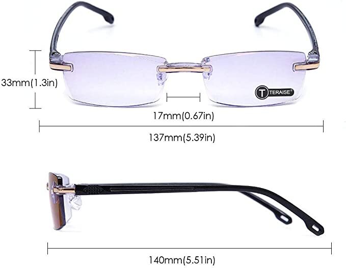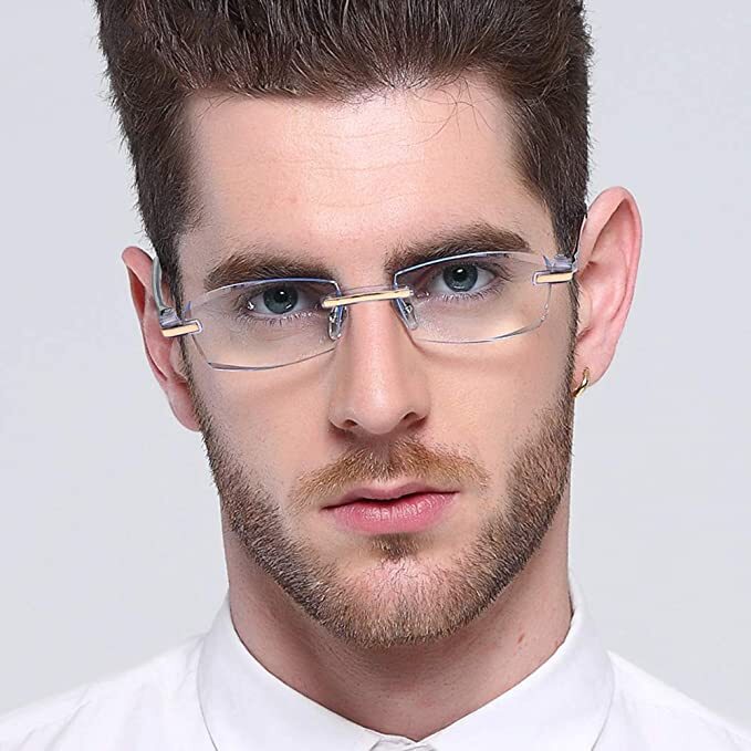 These glasses are a game-changer! The rimless diamond-cut design is sleek and modern, making them super lightweight and comfortable. The anti-blue ray coating really helps reduce eye strain, and the clarity is amazing—perfect for reading or screen time. They look so stylish that I get compliments every time I wear them. Definitely worth it!
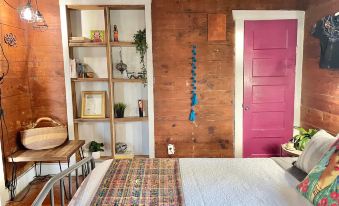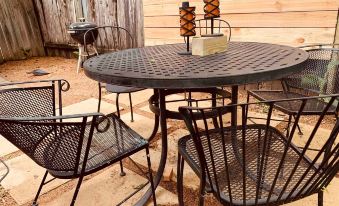 You will enter into the living room. Our cushy couch will beg you to rest. Our smart TV is a Samsung Frame TV with art when it is resting. The bedroom is off the living room with a comfy queen bed and a desk for working. Also off the living room is the full bathroom with an antique tub and a shower. The kitchen has everything you may need to cook a meal and a small dining for an intimate meal. The small fenced back yard is large enough for a table, squirrels, and maybe even a stray cat. This is also where you will find the two bikes for exploring.
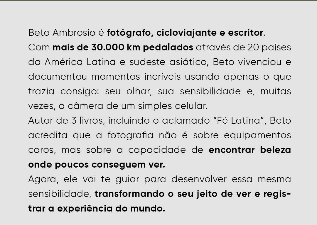 Você pode entrar em contato direto comigo pelo meu Instagram @betoambrosio_, sou eu mesmo que leio e respondo as mensagens.
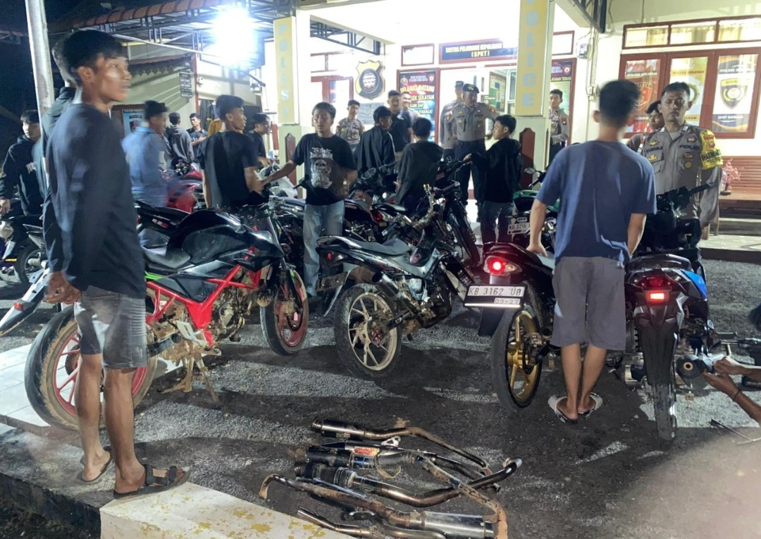 Polsek Sekayam Gelar Razia Malam di Perbatasan: 35 Kendaraan Knalpot Brong Ditindak, Penyelundupan Diantisipasi
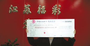 4月2日上午,中獎者劉京(化名)來到江蘇福彩中心領(lǐng)走巨獎。
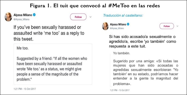 Este fue usado 12 millones de veces en las primeras 24 horas y compartido en 85 países durante el primer mes de la campaña (CBS, 2017). De esta forma, muchas mujeres comenzaron a compartir sus experiencias y a crear comunidades online de confianza, exponiendo la magnitud de la violencia sexual y condenando el patriarcado (Khomani, 2017). El movimiento tuvo un gran impacto en la industria audiovisual, con acusaciones de conductas sexuales indebidas por parte de figuras públicas en otras áreas (ej., música, educación, ciencia, política). Siguiendo a Chandra y Erlingsdóttir (2020: 1), «el movimiento ha proliferado en las redes sociales, yendo más allá de Twitter y llegando a las salas de estar y a los tribunales. Se ha extendido de forma desigual por todo el mundo (...) y ha interactuado con movimientos, luchas y resistencias feministas ya existentes».
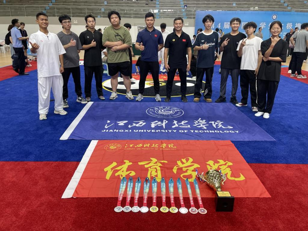 江科网讯(体育学院) 7月8日至12日,由教育部中国学生体育联合会主办的第四届中国大学生太极推手锦标赛进行。我校武术队的8名同学作为第一次参加全国太极推手比赛的新秀,在领队严财庆和教练员陈蒋华、许世保、尹志红的带领,敢于拼搏、不畏强敌,共取得3金4银3铜与1个第五名的傲人战绩,同时获得男子甲A组团体总分第三名。
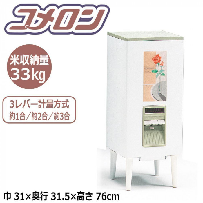 | 仕様 | 脚部のみ組立式 米びつ容量:33kg 計量装置:3レバー方式(0.18L・約1合、0.36L・約2合、0.54L・約3合) カバー付き計量口 計量ストッパー付 米残量確認窓付 |
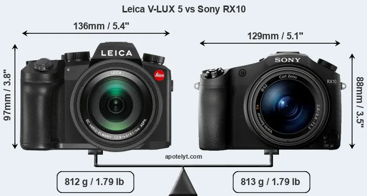 An illustration of the physical size and weight of the Leica V-LUX 5 and the Sony RX10 is provided in the side-by-side display below. The two cameras are presented according to their relative size. Three consecutive views from the front, the top, and the rear side are shown. All width, height and depth measures are rounded to the nearest millimeter.
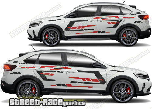 Volkswagen Taigo graphics. They are shown on the first generation Taigo but they can be trimmed to fit all later versions and facelift variants. The decals are not pre-cut for any specific Volkswagen Taigo version; they do not have any door handle cutouts, wheel arch or door line splits. These will require trimming during fitting. Vinyl will not stick to unpainted textured plastics.
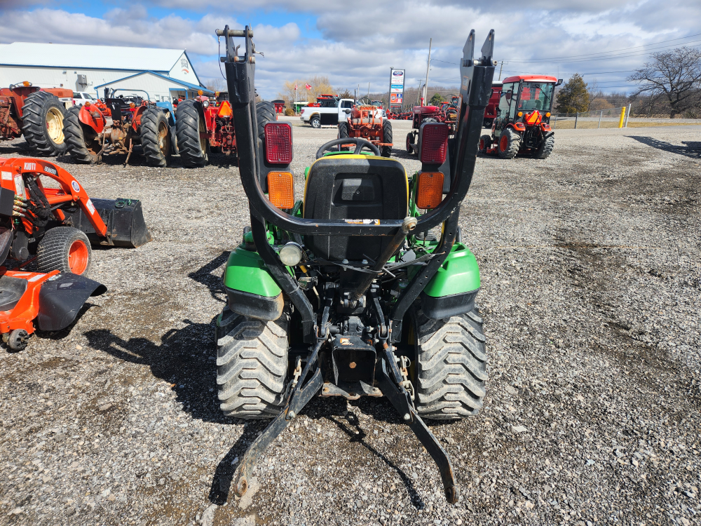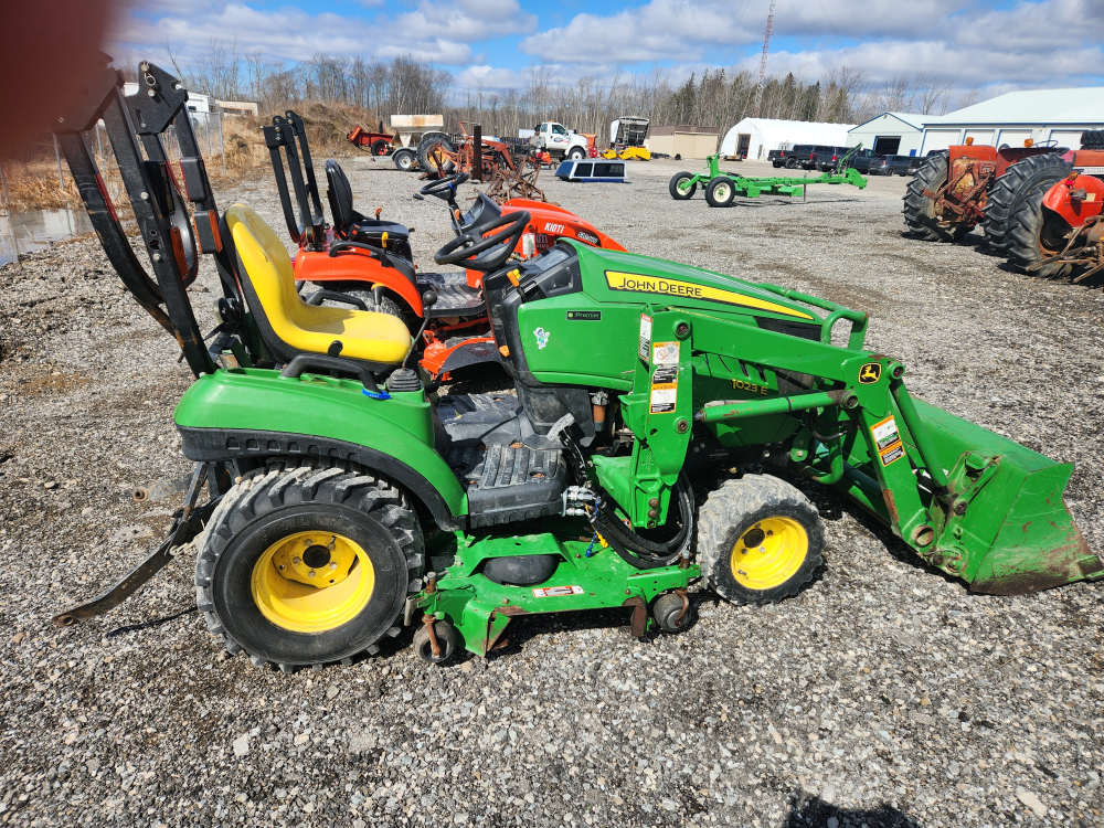 Used 2015 JD 1023E Tractor with 120 XL Loader and 60" mid mount mower, s/n ILV1023ETEH414983, 23 hp, diesel, 4wd, 1017 hrs. In good condition!
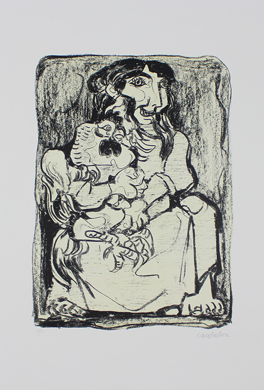 Cantatore Domenico Donna col gallo, 1971 litografia a 2 colori su carta, cm....
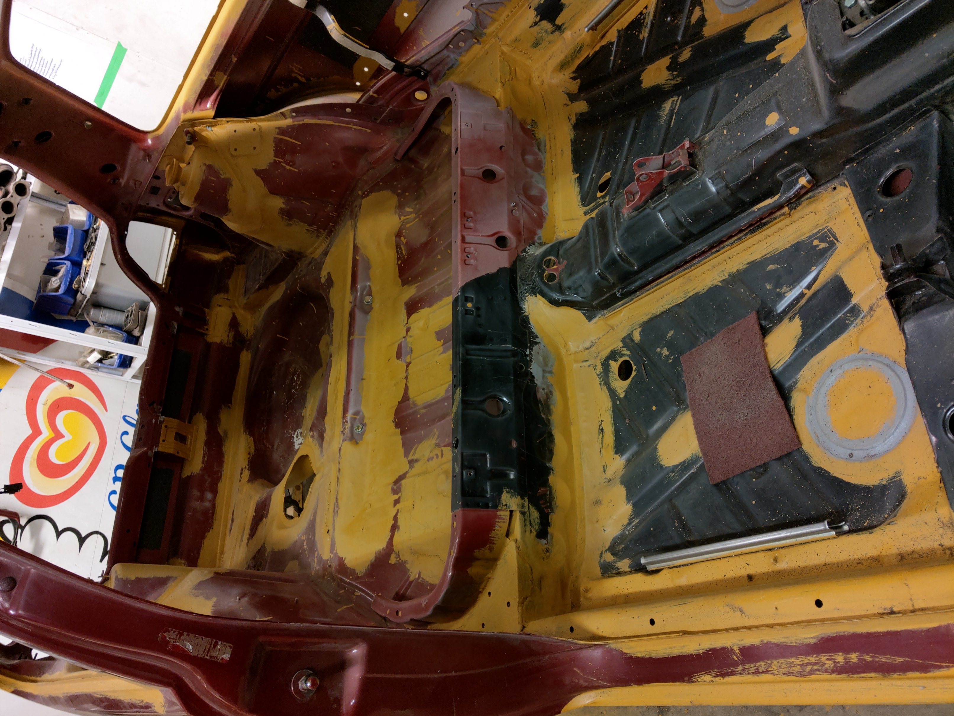 Men är man envis så är man :rolleyes: så igår blev den saknade avgasfästet monterat och de delar som inte var målade lager 1 målade plus att 90% av främre golvet fick lager 2. Så nu är det en liten bit på främre golv plus golvet under baksätet kvar för ett andra lager. Med lite tur så fixas det nästa vecka :cool:

- **Exercise aim**: From the very first line of the listing above through the line that holds "4月2日上午,中獎者劉京(化名)來到江蘇福彩中心領(lǐng)走巨獎。", write out each line exactly as it stands, leaving pictures out.

- **Response for this exercise**:
 These glasses are a game-changer! The rimless diamond-cut design is sleek and modern, making them super lightweight and comfortable. The anti-blue ray coating really helps reduce eye strain, and the clarity is amazing—perfect for reading or screen time. They look so stylish that I get compliments every time I wear them. Definitely worth it!
 You will enter into the living room. Our cushy couch will beg you to rest. Our smart TV is a Samsung Frame TV with art when it is resting. The bedroom is off the living room with a comfy queen bed and a desk for working. Also off the living room is the full bathroom with an antique tub and a shower. The kitchen has everything you may need to cook a meal and a small dining for an intimate meal. The small fenced back yard is large enough for a table, squirrels, and maybe even a stray cat. This is also where you will find the two bikes for exploring.
 Você pode entrar em contato direto comigo pelo meu Instagram @betoambrosio_, sou eu mesmo que leio e respondo as mensagens.
 Polsek Sekayam Gelar Razia Malam di Perbatasan: 35 Kendaraan Knalpot Brong Ditindak, Penyelundupan Diantisipasi
 4月2日上午,中獎者劉京(化名)來到江蘇福彩中心領(lǐng)走巨獎。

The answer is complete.